First, we have a lovely little soup book that we’ve been pestering the author about for some time. Fraser’s Fruit & Veg is a little greengrocer in Dundee – nothing special in that, you might think. However, when it opened its doors 4 years ago there wasn’t one greengrocer left in the city centre, not one. And as Dundee has something like the highest supermarket:citizen ratio in Scotland (*invented statistic alert*), the general view was that a dedicated greengrocer’s was no longer a viable business. Fraser didn’t buy it, and very soon he had turned his corner shop into a thriving community hub, selling a huge range of fruit & veg including produce grown specially for him by local farmers and gardeners. He began to sell weekly soup bags containing a recipe and all the ingredients for a batch of soup for 4 and, in his very charming, insouciant, just-knocked-this-together kind of a way, helped everyone from harried mums, OAPs and starving students to get a healthy, cheap home-cooked meal on the table. By definition, the soups are always seasonal (he bases each week’s recipe on whatever is best (and best value) in the shop that week) and always simple to make and easy to embellish – as Fraser says with a shrug, ‘it’s just soup’. Fraser’s Seasonal Soups is a collection of his favourite, best-selling recipes and a celebration of something we all feel in danger of losing, the thriving community shop. The book is beautifully illustrated by Jen Collins and is going to look a treat. Watch this space – Fraser’s Seasonal Soups will be hitting the shelves in November, and we’ll post some advance recipes up here over the next few weeks to whet your appetite.

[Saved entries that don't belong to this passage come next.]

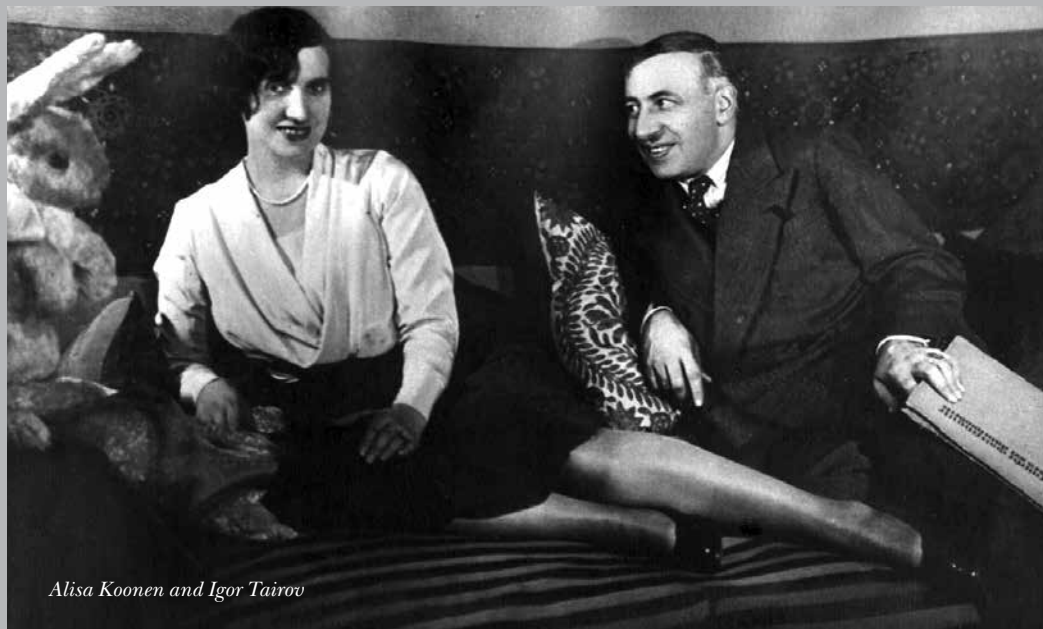
Alisa Koonen and Igor Tairov

Nevertheless, the theatre was able to persevere. It didn't fall apart, and, thanks to the assistance of Aleksandra Yablochkina and Alexander Yuzhin, opened in the new season in a new building – a club on Bolshaya Nikitskaya Street (a house that belonged to the Russian Theatre Society). For several months the theatre lived in a state of uncertainty about its impending fate. Still, thanks to the active assistance of Anatoly Lunacharsky, the Kamerny Theatre was soon given back the building on Tverskoy Boulevard. Later on, and to a large extent due to the support of Lunacharsky as well, the Kamerny Theatre ac-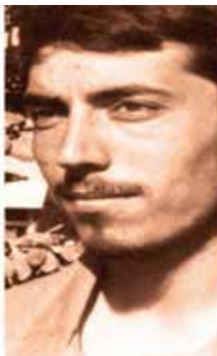
شهید ولی اله چراغچی مسجدی - جانشین لشکر ۵ نصر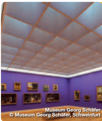
Museum Georg Schäfer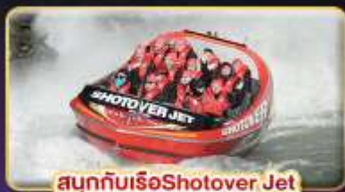
สนุกกับเรือ Shotover Jet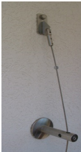
Schrägabspannung zur Zugentlastung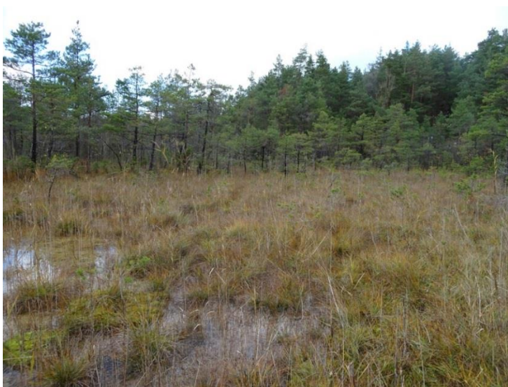
Foto 10. Allikasoo Rumpo poolsaarel

Inventeeriti esmakordselt. Metsa servast väljuvad allikanired koonduvad allpool suureks veelaks. Allikasoole iseloomulikult domineerivad siin soontaimedest pruun sepsikas ja lubikas. Hõredalt kasvab pilliroog ning siin-seal kuni 50 cm kõrgused männid. Kohati võis näha pääsusilma ( Primula farinosa ) ja soo-neiuvaipa. Sammaldest olid domineerivateks liikideks täht-kuldsammal ( Campylium stellatum ) ja tava skorpionsammal. Allikasoodele iseloomulikult sadeneb siin-seal lupja, kuid nõrglubja-allikatele iseloomulike samblaliike ei leitud.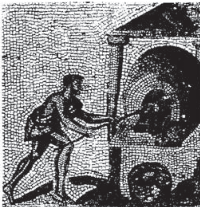
Figura 2. Narbona, mosaico com a imagem de um homem assando pães. Século II d.C. (Lancha, J. – Recueil général des mosaïques de la Gaule . Paris, CNRS. Vol. 2, 1981, pl. CVIII-CXXIII).

várias atividades rurais em forma de calendário 1 . As cenas retratadas no mosaico (semeadura das favas, moagem de grãos no moinho, transporte do estume, cozimento do pão, fabricação de cestos, enxerto de árvores, recolhimento de ramos mortos, coleta de maçãs, vindimas, pisoteamento das uvas, aradura dos campos, coleta das olivas, unção de potes, prensagem das olivas), conectam-se às figuras das estações do ano e às imagens de culto.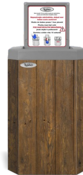
8 Dunkles Holz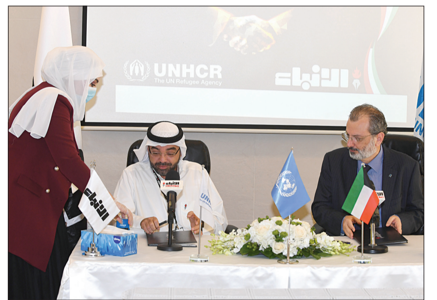
ختم أوراق الاتفاقية بعد التوقيع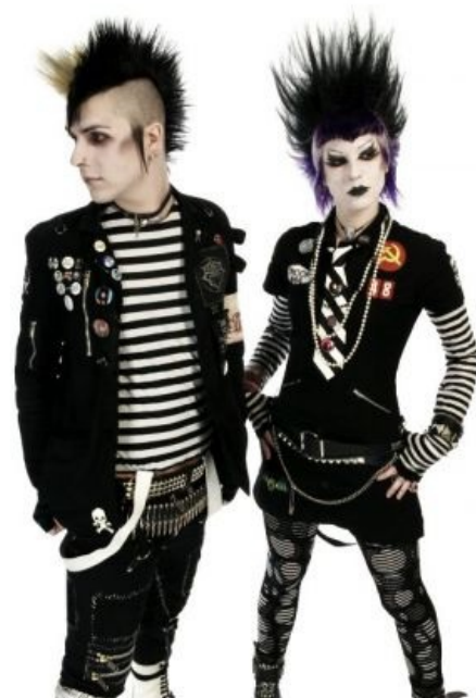
Типичные представители: уже не панки, но ещё не готы

Siouxsie and the Banshees - Christine Канонічно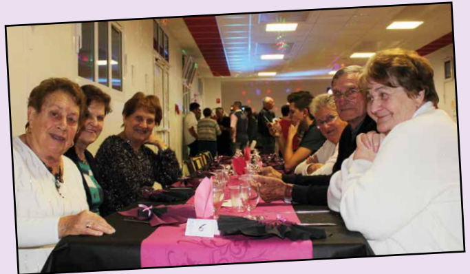
Soirée dansante, une belle réussite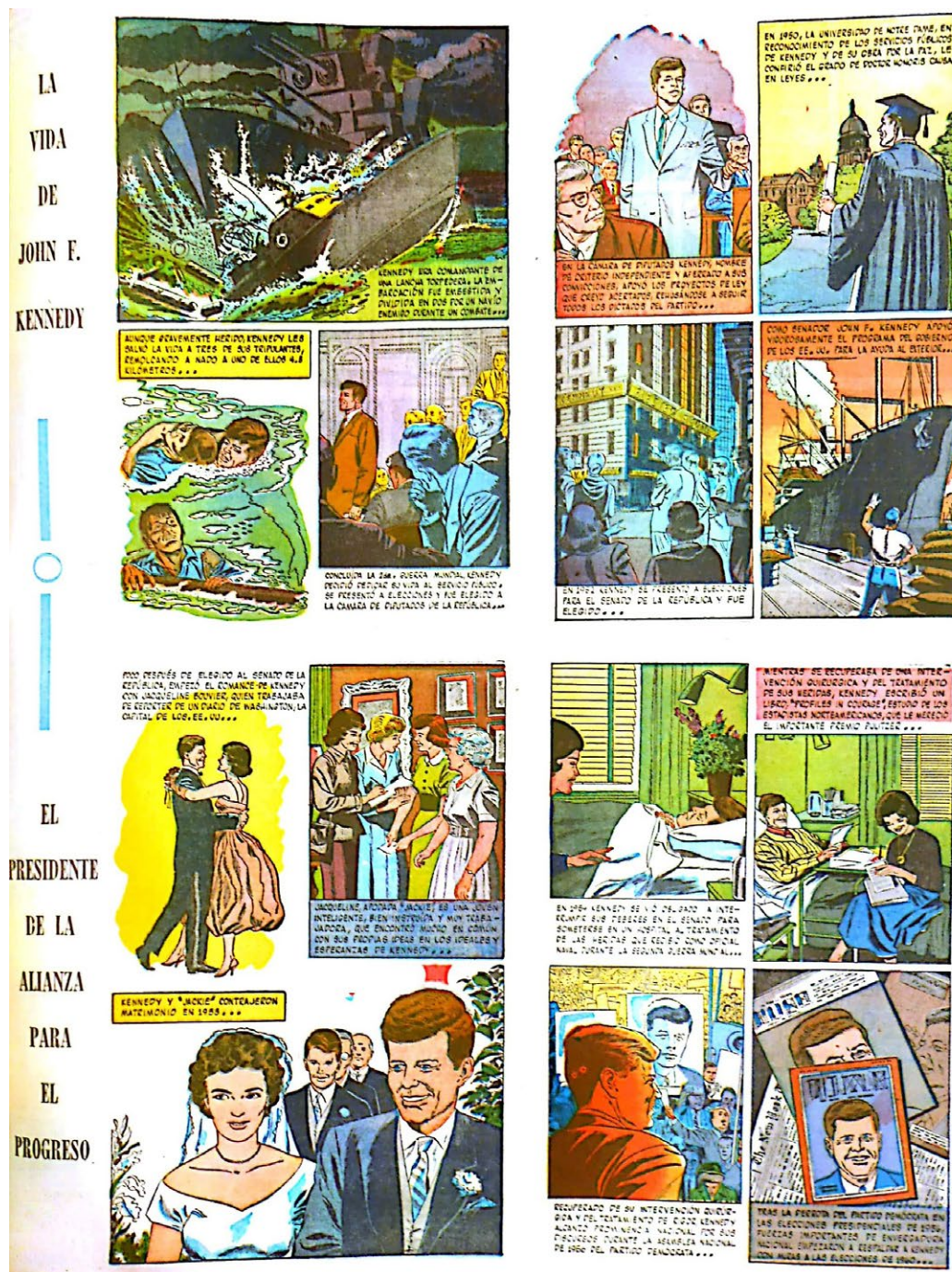
Figura 5. Tira de prensa sobre John F. Kennedy del 11 de marzo de 1962 22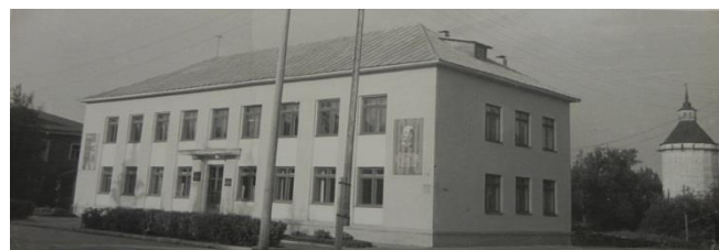
Фото 9. Здание Кирилловского РК КПСС, построенное в начале 1970-х годов

Развитие сервисной зоны (зоны гостеприимства, культурно-бытовых услуг и отдыха) в городе было предусмотрено Советом Министров РСФСР ещё в 1969 году. Учтено оно и в генеральном плане застройки города Кириллова, утверждённом в марте 1971 года. В рассматриваемое время уделялось большое внимание улучшению сервисной зоны города. На зелёном мысу Сиверского озера раскинулся комплекс турбазы «Сиверская». В это время была построена современная четырёхэтажная гостиница «Русь». Была создана сеть столовых и кафе, открылись два ресторана – «Русь» и «Трапеза» 14 .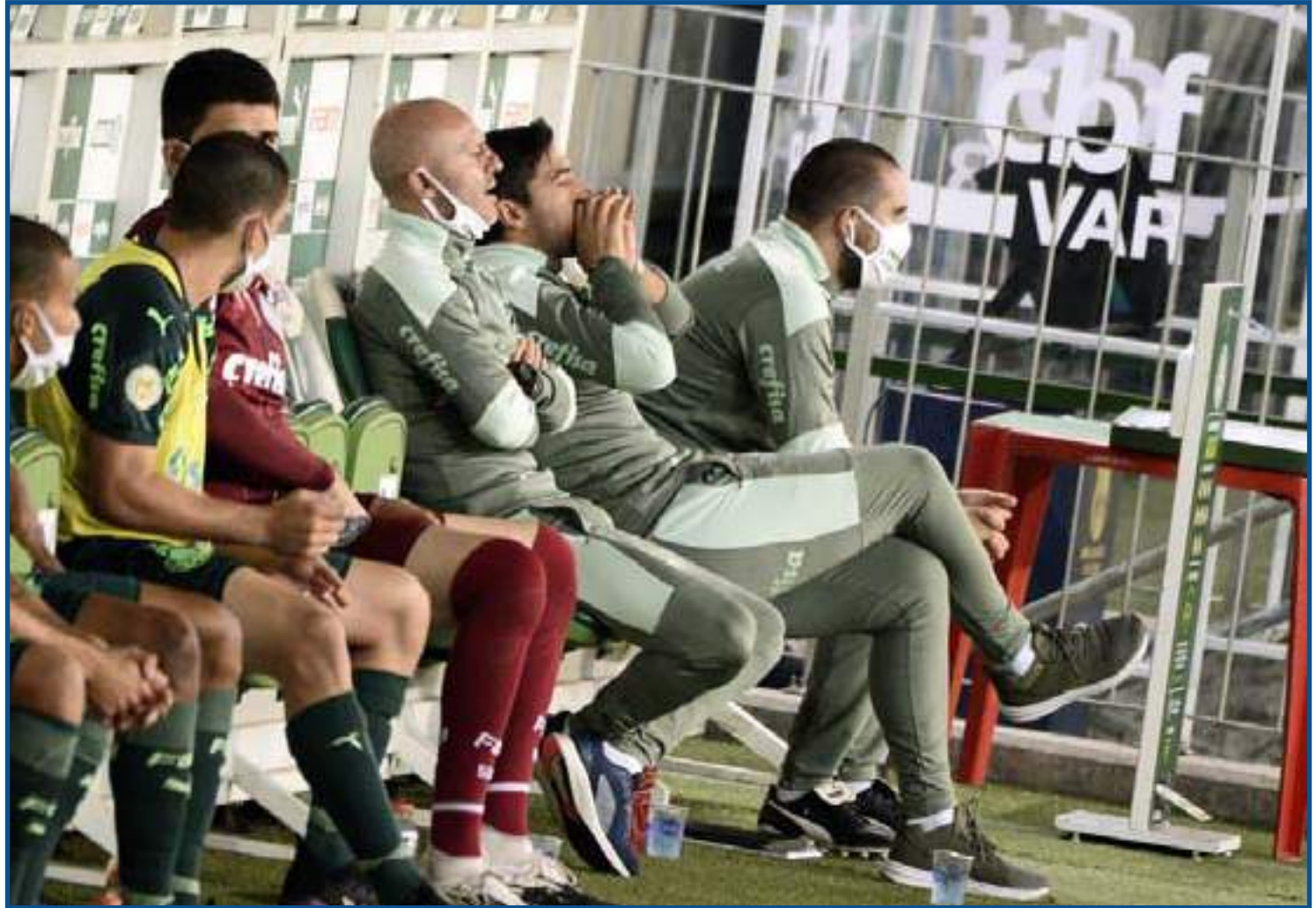
Abel Ferreira terá problemas para escalar o Verdão contra o CRB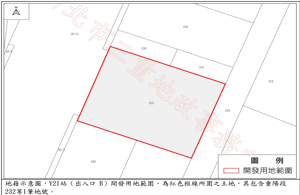
圖2 Y21站（出入口 B）捷運開發區地籍示意圖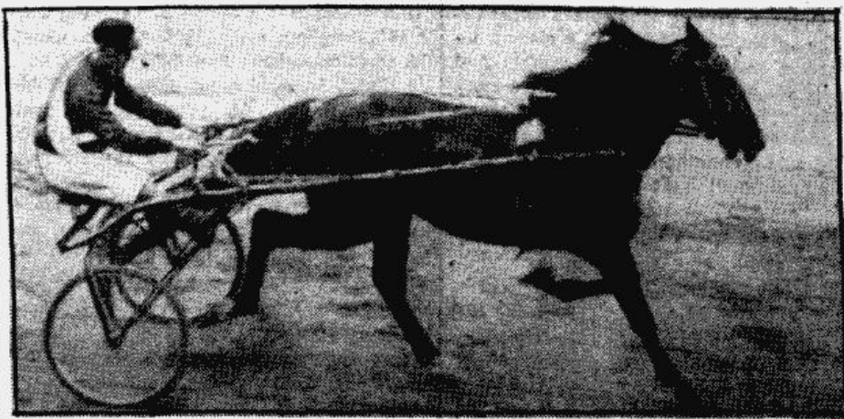
"Pastorkus" - uzvarētājs pag. svētdienas rikšošanas sacīkstēs hipodromā.

Rit. 9. oktobrī. plkst. 12.00 JKS. laukumā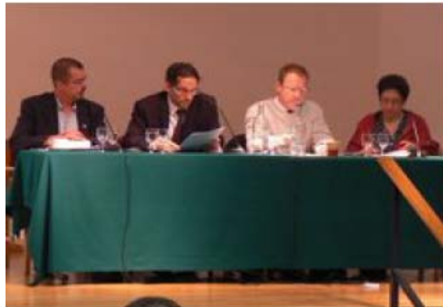
דיון לכבוד פרסום המחקר בלונדון, מאי 2009

http://www.hsrb.ac.za/Media_Release-378.phtml

We have also been spending time at Greenwich Market, which was established in 1737 making it the oldest market in the UK. It’s a wonderful place: get the river taxi from central London, then wander up past the Cutty Sark and the maritime museums and parks and into Greenwich itself. Between two pillars, hidden within a square of shops and restaurants, lies an old cobbled market filled with different traders every day. From motorbikes to antiques to kaleidoscopes to military memorabilia, the variety on sale is enormous. And that’s more than matched by the market’s food offer too. Again, the traders change every day but so far I’ve seen everything from Chinese hand-pulled noodles and Hungarian langos to Ethiopian samosas and an Iranian grill. The smells are incredible as you walk about. We’re researching a book that will pull together recipes from all those traders, pretty much an A-Z of the finest street food in London.
Oh, and one last thing: on Sunday 26 October you might want to check out Brixton Flavours. It’s a new one day food festival in Brixton featuring many of our very favourite restaurants – and Brixton-dweller & KP author Miss South is going to be in evidence also. Follow ’em on Twitter (@BrixtonFlavours) for updates and news.
We’ve some other pots on the hob as well, so as soon as they come to the boil we’ll let you know. In the meantime, happy cooking.